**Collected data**
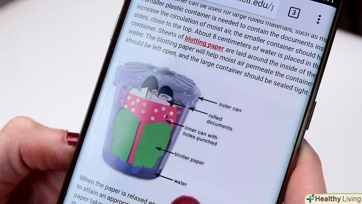 Вивчіть методи зволоження. як уже згадувалося в інших методах «» зволоження " паперу допоможе виправити складки, що утворилися при розриві або зміщенні волокон. Реставратори зазвичай користуються зволожуючими методами з величезною обережністю. Якщо ви налаштовані рішуче і у вас є кілька шматків паперу для тренування, можете спробувати такий метод перед тим, як гладити папір праскою. Найпростіший спосіб - так званий "метод Хортона". Скрутіть аркуш паперу в рулон, помістіть його у відкритий пластиковий стакан, поставте склянку у великий пластиковий контейнер, налийте туди води, закрийте його кришкою. [6]- Це може спровокувати утворення цвілі на папері, а з цим вже буде важко впоратися в домашніх умовах. Деякі архівісти використовують протигрибкові хімічні речовини, такі як тимол або орто-феніл фенолу, але ці матеріали можуть завдати шкоди папері, якщо використовувати їх неправильно. [7]
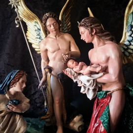 Dos ángeles bajan del cielo guiados por la estrella, para ver al verdadero Dios. Uno lo sostiene en sus brazos mientras el otro le regala un chupete al recien nacido dormido. Su madre, la Virgen María se postra de rodillas en un acto de adoración a Dios.
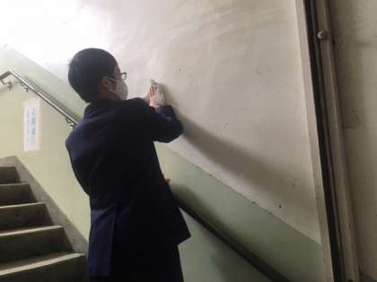 普段はあまり掃除をしない壁や、特別教室の窓などきれいにしました。
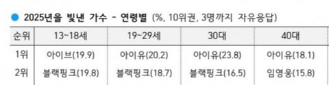3세대 여돌인 블핑이 102030 걸그룹 1위인거 개 신기하고 아이유는 데뷔한지 이제 20년이 거의 다되어가는데도 아직도 인기많은거 신기하다 암튼 둘다 ㅈㄴ 레전드들임
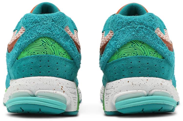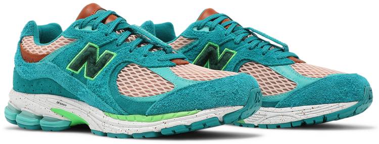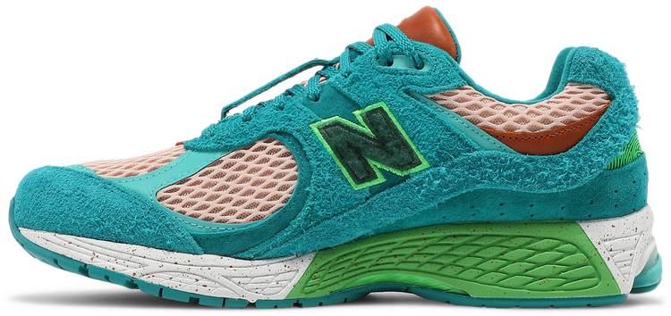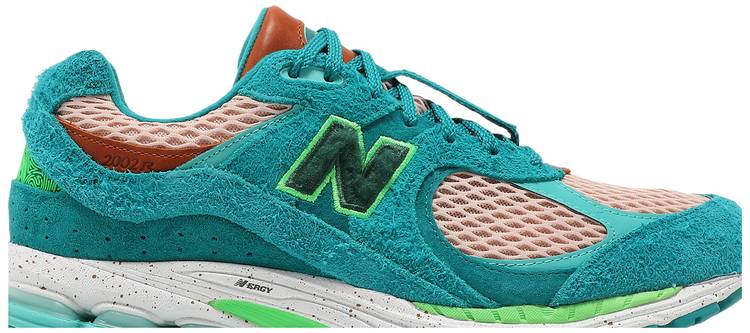 Desarrollado en colaboración con el diseñador de calzado con sede en Los Ángeles, Salehe Bembury x New Balance 2002R 'Water Be The Guide' se inspira en el solvente universal. La parte superior está construida con malla rosa abierta con superposiciones de gamuza desgreñada en un vibrante tono agua. Aparecen toques verdes contrastantes en el talón y el logo 'N' de piel de oveja, mientras que en la lengüeta y el cuello se utiliza cuero marrón rústico. La entresuela de espuma NERGY moteada proporciona una amortiguación suave con un vástago de TPU Stability Web para una mejor estabilidad.
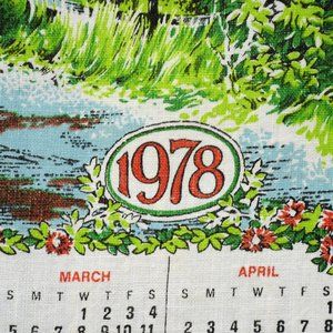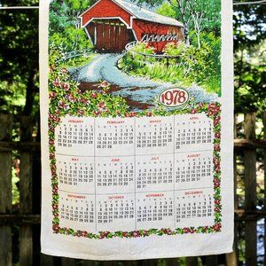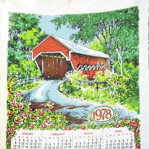 Vintage 1978 Red Covered Bridge in Spring/Summer w/ Flowers Calendar Tea Towel
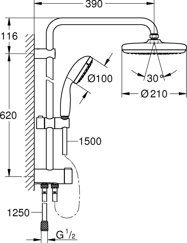 Душевая система Grohe New Tempesta 210 26381001, материал - латунь, цвет - хром.
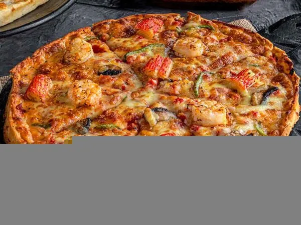 Spicy special rosada sauce, crispy pepperoni slices, mushroom, shrimp cooked with basil sauce, topped with mozzarella cheese
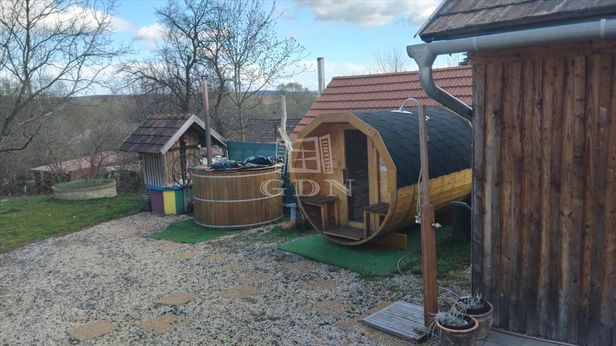 Az udvar kert felőli részén, szemben a fedett terasszal található egy fatüzelésű 6 személyes dézsafürdő, illetve egy 6 személyes hordó szauna.
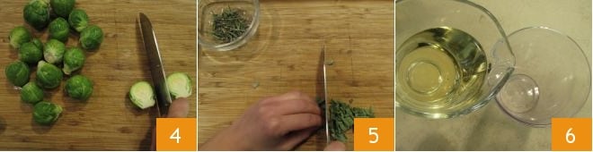 Wash the Brussels sprouts, remove the outer leaves if they are a bit wilted, then cut them in half 4. Finely chop sage and rosemary 5. Set aside these ingredients and focus on the dressing sauce: in a tall glass, pour the white wine 6,
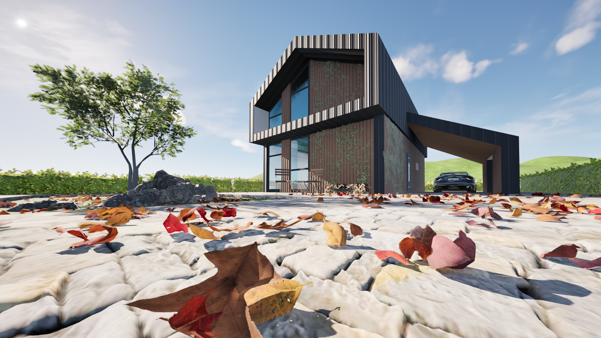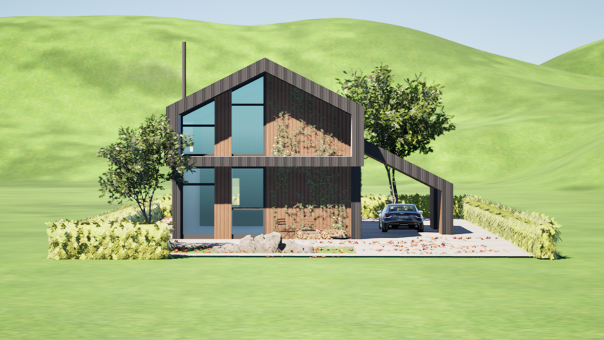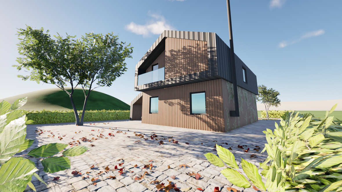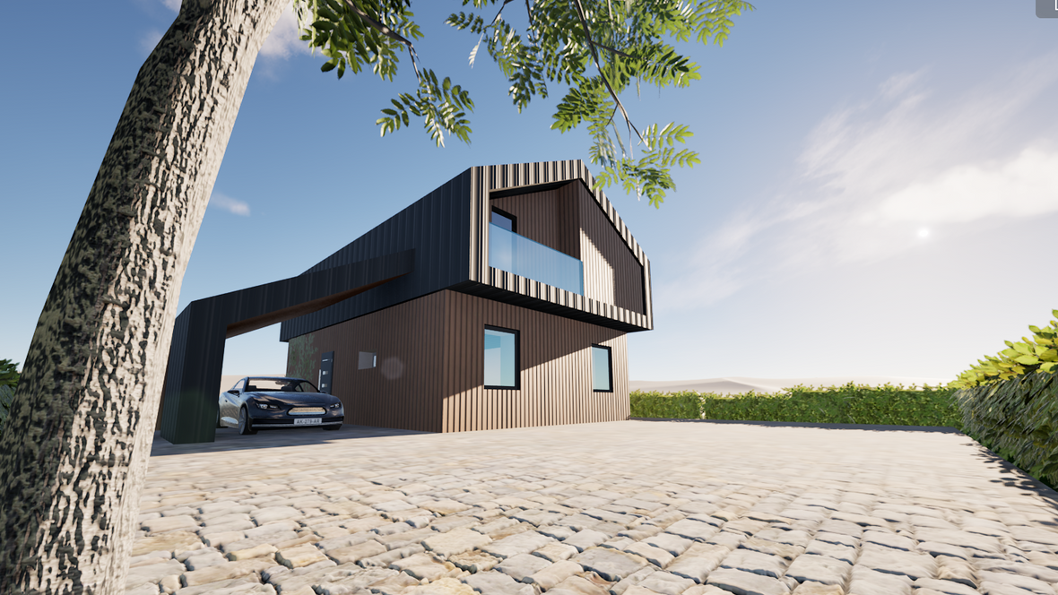 Moderný dvojpodlažný rodinný dom s čistými líniami a výraznou architektúrou je navrhnutý s dôrazom na funkčnosť a estetiku. Dominantným prvkom exteriéru je fasáda z falcovaného plechu, ktorá dodáva domu industriálny, no zároveň elegantný vzhľad a zaručuje dlhú životnosť aj minimálnu údržbu. Na fasáde sa taktiež nachádzajú prvky z dreveného obkladu, ktoré prinášajú teplejší kontrast k tmavému plechu. Dom disponuje šikmou strechou so strešnými oknami VELUX, ktoré zabezpečujú dostatok prirodzeného svetla v horných priestoroch, a prispievajú k energetickej efektívnosti domu. Prízemie ponúka priamy výstup na terasu, zatiaľ čo horné poschodie zahŕňa loggiu s výhľadom na pozemok. Vedľa domu sa nachádza praktický prístrešok pre auto, ktorý je súčasťou celkovej hmoty objektu. Oplotený pozemok je upravený zeleňou, pričom súčasťou záhrady je aj menší prírodný prvok v podobe kameňov a okrasného stromu.

**Exercise aim**
Write out, exactly and with no pictures, the lines of the data from the first through the line containing "普段はあまり掃除をしない壁や、特別教室の窓などきれいにしました。".

**Response to this exercise**
 Вивчіть методи зволоження. як уже згадувалося в інших методах «» зволоження " паперу допоможе виправити складки, що утворилися при розриві або зміщенні волокон. Реставратори зазвичай користуються зволожуючими методами з величезною обережністю. Якщо ви налаштовані рішуче і у вас є кілька шматків паперу для тренування, можете спробувати такий метод перед тим, як гладити папір праскою. Найпростіший спосіб - так званий "метод Хортона". Скрутіть аркуш паперу в рулон, помістіть його у відкритий пластиковий стакан, поставте склянку у великий пластиковий контейнер, налийте туди води, закрийте його кришкою. [6]- Це може спровокувати утворення цвілі на папері, а з цим вже буде важко впоратися в домашніх умовах. Деякі архівісти використовують протигрибкові хімічні речовини, такі як тимол або орто-феніл фенолу, але ці матеріали можуть завдати шкоди папері, якщо використовувати їх неправильно. [7]
 Dos ángeles bajan del cielo guiados por la estrella, para ver al verdadero Dios. Uno lo sostiene en sus brazos mientras el otro le regala un chupete al recien nacido dormido. Su madre, la Virgen María se postra de rodillas en un acto de adoración a Dios.
 普段はあまり掃除をしない壁や、特別教室の窓などきれいにしました。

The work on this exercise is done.